**Data for review:**

|---|

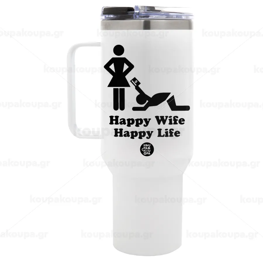 Happy Wife, Happy Life, Mega Stainless steel Tumbler with lid, double wall 1,2L
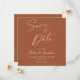 Stylish and timeless, this Terracotta Modern Minimalist Elegant Wedding Save the Date card is the perfect introduction to your celebration of love. With a simple yet unique design, this exquisite card embodies the on-trend wedding aesthetic. The calligraphy script typography adds a touch of classic and formal elegance, making it ideal for couples who want a high-end feel to their wedding stationery. The minimalistic approach ensures that your message takes centre stage, while the terracotta colour adds warmth and sophistication.
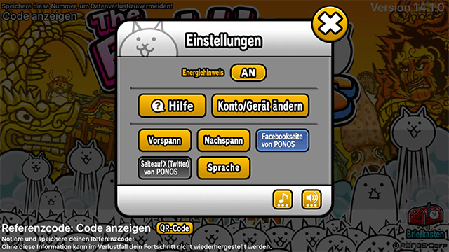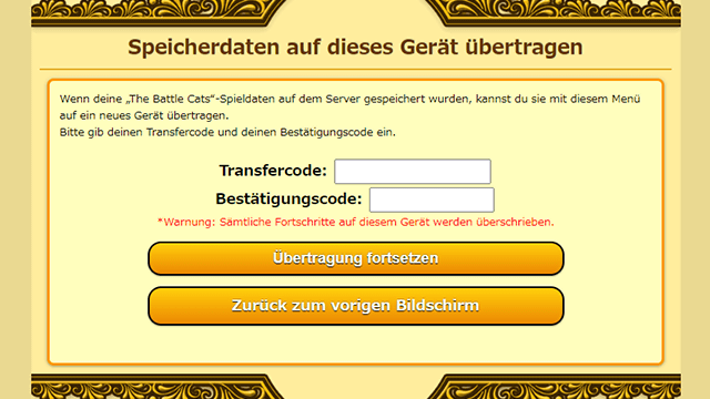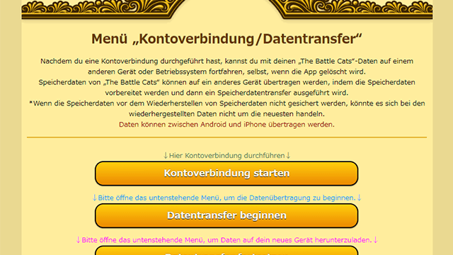 * Daten der englischen Version von The Battle Cats können nicht zu Versionen einer anderen Sprache übertragen werden.
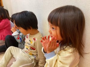 ちゅうりっぷ・すみれ組さんは、お部屋でのんびり遊んだ後、
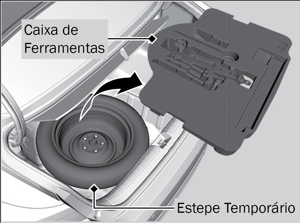 Tenha cuidado para não se machucar ao remover ou guardar o estepe temporário. |
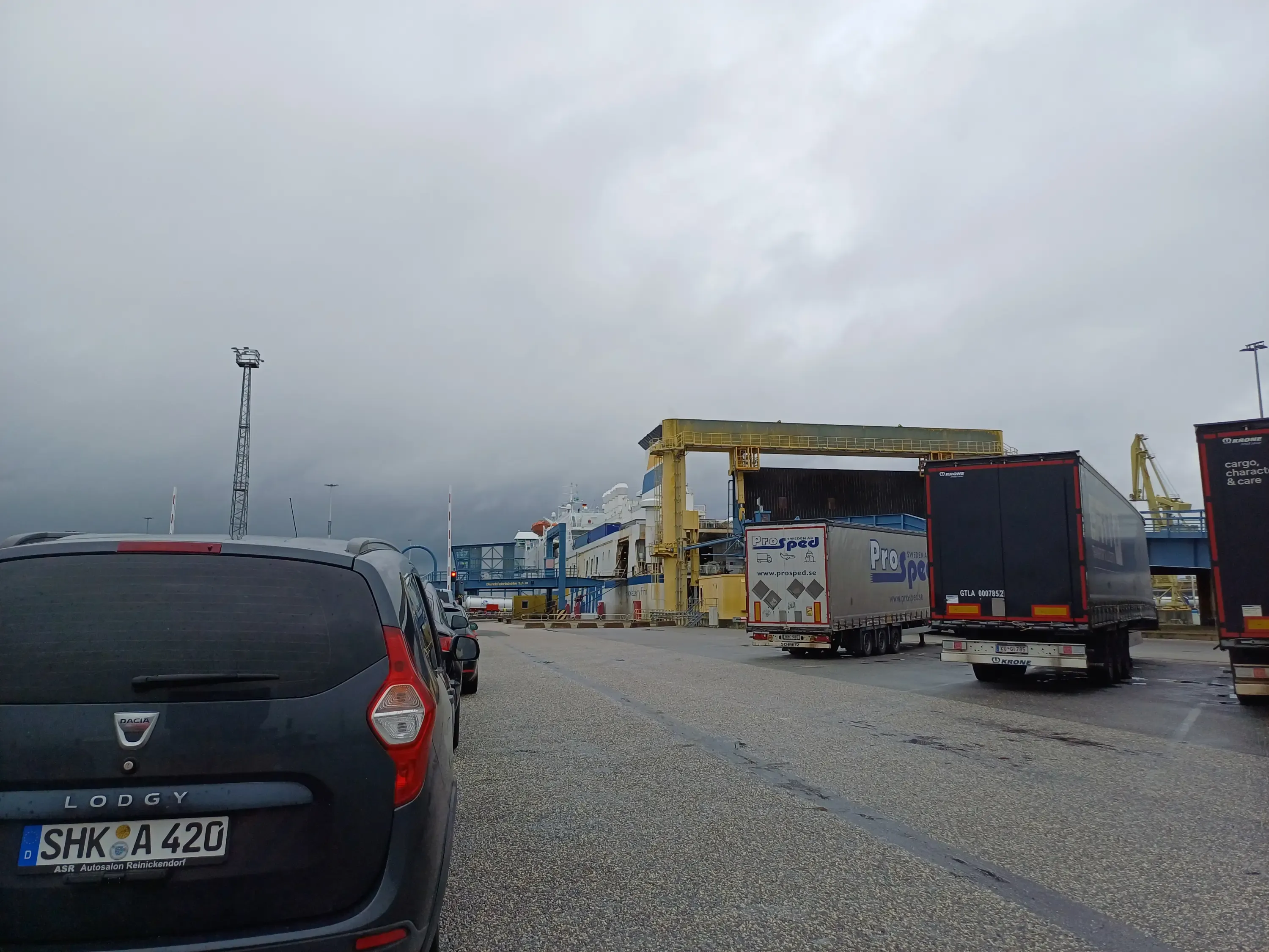 Leider hat man uns aufgrund technischer Probleme die eigendliche Fähre gestrichen. Es sollte ursprünglich in der Nacht von Travemünde losgehen. Als kurzfristige Alternative wurde eine Verbindung ab Rostock angeboten.
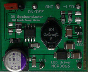 The NCP3066 is a monolithic switching regulator designed to deliver constant current for powering high brightness LEDs. The device has a very low feedback voltage of 235 mV (nominal) which is used to regulate the average current of the LED string. In addition, the NCP3066 has a wide input voltage up to 40 V to allow it to operate from 12 Vac or 12 Vdc supply, commonly used for lighting applications as well as unregulated supplies such as rechargeable batteries. The ON/OFF function allows turn the device to low consumption mode or regulate the brightness of LEDs. Size: 39mm x 32mm x 12mm

|---|

What is needed is a verbatim copy of the lines from the line with "Sprache übertragen werden." through the last line of the listing, pictures excluded.

**Response:**
 * Daten der englischen Version von The Battle Cats können nicht zu Versionen einer anderen Sprache übertragen werden.
 ちゅうりっぷ・すみれ組さんは、お部屋でのんびり遊んだ後、
 Tenha cuidado para não se machucar ao remover ou guardar o estepe temporário. |
 Leider hat man uns aufgrund technischer Probleme die eigendliche Fähre gestrichen. Es sollte ursprünglich in der Nacht von Travemünde losgehen. Als kurzfristige Alternative wurde eine Verbindung ab Rostock angeboten.
 The NCP3066 is a monolithic switching regulator designed to deliver constant current for powering high brightness LEDs. The device has a very low feedback voltage of 235 mV (nominal) which is used to regulate the average current of the LED string. In addition, the NCP3066 has a wide input voltage up to 40 V to allow it to operate from 12 Vac or 12 Vdc supply, commonly used for lighting applications as well as unregulated supplies such as rechargeable batteries. The ON/OFF function allows turn the device to low consumption mode or regulate the brightness of LEDs. Size: 39mm x 32mm x 12mm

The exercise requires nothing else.